En los parques, en los camellones, en las playas —porque las palmeras también son árboles—, en los bosques y las orillas de las carreteras, el rumor de los árboles es la música de fondo en la orquesta de la naturaleza:
Cantan los pájaros, corretean las lagartijas, cazan los gatos y los armadillos y los mapaches. Incluso aletean las mariposas. Y de fondo siempre el rumor de los árboles, zumba el viento sobre el pasto, entre las ramas y las hojas secas.

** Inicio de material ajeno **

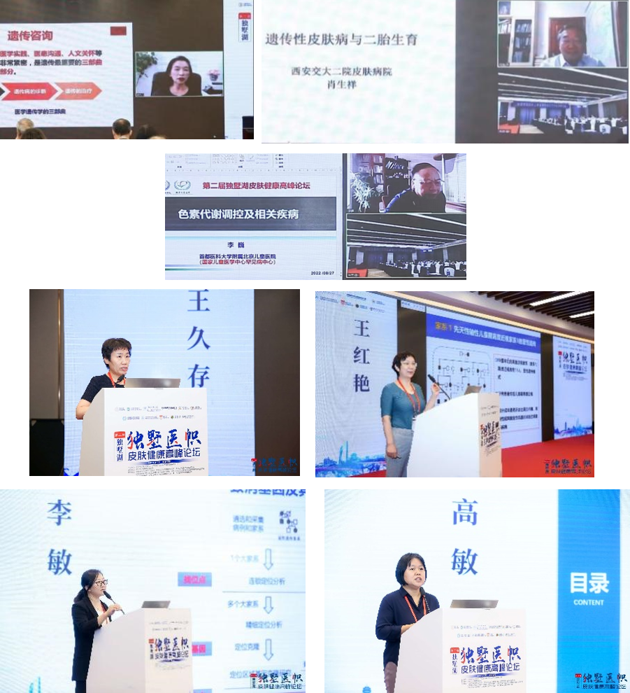 8月27日下午的罕见病遗传咨询专家论坛由同济大学医学院医学遗传学系主任陈建军教授、上海医学会皮肤性病学分会候任主任委员潘萌教授、苏州大学附属第一医院皮肤科科主任杨子良教授及苏州大学附属第一医院胎儿医学研究所所长孙淼教授主持。苏州大学附属独墅湖医院皮肤科主任李敏教授围绕“罕见皮肤病从难以诊断到可诊断”分享了各类皮肤罕见遗传病及国内学者在相关疾病致病基因鉴定方面做出的卓越贡献、回顾了国内相关研究的不足并对未来进行展望。

En el silencio de la noche, en las tardes perezosas de domingo, bajo el sol del otoño y entre las calles vacías; perdura el rumor de los árboles;
Y hay viejas historias —en la raíz misma del judaísmo y el arte paleocristiano— sobre un lenguaje secreto, hablado sólo por la vida vegetal, ininteligible para la razón humana; escondido en el tañido de las ramas de los árboles. Esto es, el rumor del que hablamos serían, de hecho, los árboles hablando.

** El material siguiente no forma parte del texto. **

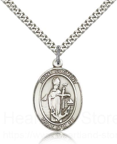 St. Clement Medal This St. Clement Pendant is made of sterling silver and is approximately the size of a quarter. The jewelry pendant is paired with a 24 inch stainless steel heavy curb chain as pictured. All medals are gift boxed in a beautiful blue velvet hinged jewelry gift box.

Uno puede cerrar los ojos y extender los brazos, bajo la sombra de un roble firme, de un sauce lacrimoso o de una florida jacaranda y sentir el beso del viento en el pecho y escuchar la conversación de los árboles: pausada, cadenciosa, detenida e inaccesible para nuestros oídos. Y a través de esta, penetramos en el ritmo mismo de la vida y de los ciclos de la Madre Naturaleza en sí misma.